Stonebraker is, of course, famous as a founder of the relational database industry, a serial entrepreneur, and the foremost academic researcher in database systems. I’ve known him as a research advisor, an academic colleague, a co-founder, an academic rival, a business competitor, and a friend. The man is a force.
What’s hard to keep in perspective is how long Stonebraker has been a force. He led the relational database revolution as a young professor, via the Ingres project he started at Berkeley in the early 1970’s. The very idea that you could build an efficient database system with a high-level query interface and make it work on 1970’s hardware seems almost ridiculous in retrospect. Stonebraker was a believer though, and he pulled it off with a handful of grad students and colleagues. And he released the source code under a highly permissive license (“open source” wasn’t a phrase back then). Only IBM — which was absolutely titanic at the time — had equivalent technical ambitions. This was still some years before a young Larry Ellison took on both Stonebraker and IBM, in a storied battle for market dominance.
My own experience with Stonebraker began on his second big project, Postgres. I was a grad student on the project, along with a host of other talented students including Mike Olson (Cloudera, Sleepycat) and Wei Hong (Arch Rock, Illustra). Postgres was conceptually the most ambitious data management system ever designed — an integrated system with six or seven major technological shifts baked into it, each of which could easily have been a research project or startup company on its own. Interestingly, Postgres pioneered the idea of pushing user code into the data processing infrastructure, with rich query optimization that took account of both relational and user-defined pieces of a query. The impact of Postgres on research and open source is profound. Its influence on commercial databases has been substantial as well — the Postgres codebase has been adapted to develop a number of influential industrial systems including Illustra, Netezza, Greenplum, AsterData, and Redshift.

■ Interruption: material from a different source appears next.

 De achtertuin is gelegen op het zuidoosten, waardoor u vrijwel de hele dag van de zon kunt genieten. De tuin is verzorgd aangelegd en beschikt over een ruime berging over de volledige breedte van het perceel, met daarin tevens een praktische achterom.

Projects like Ingres and Postgres have had enormous impact on research and the computing industry. But beyond any individual project, Stonebraker’s biggest contribution is in demonstrating how to drive computing technology from both the university and the field. A dedicated academic and serial entrepreneur, Stonebraker’s biggest wins were influential in both spheres: Ingres -> Ingres Corp, Postgres -> Illustra/Informix, C-Store -> Vertica and more. But the full accounting is even bigger when you look at his students. Bob Epstein was co-founder of Sybase; Dale Skeen was co-founder and CTO of Vitria; Diane Greene was co-founder and CEO at VMWare; Mike Olson was co-founder and CEO at Cloudera. Meanwhile, Stonebraker’s original home base of Berkeley is once again the center of the whirlwind, this time for Big Data: the last Strata Big Data conference was awash in talks from companies that grew out of recent Berkeley research projects, including Trifacta, Databricks, Captricity and Wise.io.

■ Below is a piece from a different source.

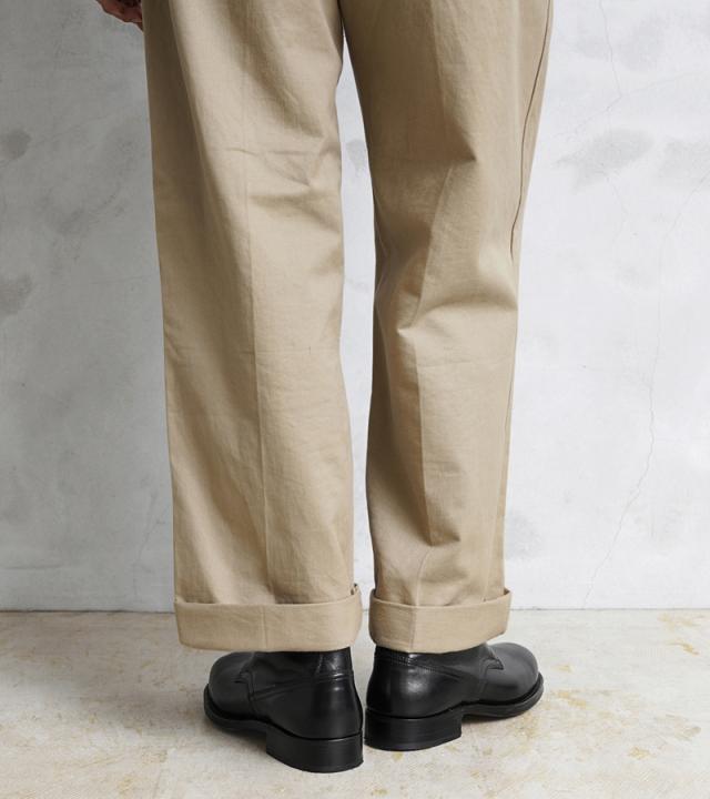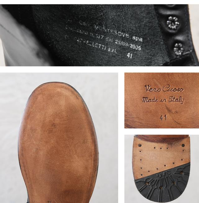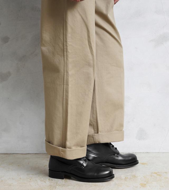 アッパーと同色を使用したシューレース部分のアイレットや、外羽根の付け根に打ち込まれたリベットなどミリタリーらしいディテール。ソールには本革を証明する「VERO CUOIO」が底面に刻印されたレザーを採用しており、履き心地はまるでオフィサーシューズ。

Like Stonebraker, I started Trifacta as a Berkeley professor — but this time in collaboration with folks at Stanford: Jeff Heer and Sean Kandel. Our Berkeley/Stanford collaboration is a major point of difference from the rivalries of earlier days, and an indicator of what makes Trifacta unique: the integration of diverse technologies, approaches, and schools of thought. We have ties to not only the Berkeley data community, but another set of academic/entrepreneurial leaders including senior members of Stanford’s data visualization group like Pat Hanrahan (Tableau, Pixar). We believe that today’s biggest challenges require that mindset of collaboration across diverse areas like data and human-computer interaction design.
Today’s data industry and technology are vastly different from the world of the early 1970’s. But two themes remain the same across the decades: the centrality of data to both business and computer science, and the ongoing need for innovations that let users work with huge volumes of data in ever-simpler and more powerful ways. Mike Stonebraker saw the importance of these issues early, and he’s pursued them with creativity and vigor for over 40 years. The trails that technologists blaze today lead off from the long path he is still actively following.
So… to Mike Stonebraker on his 70th: Happy Birthday, with admiration and gratitude!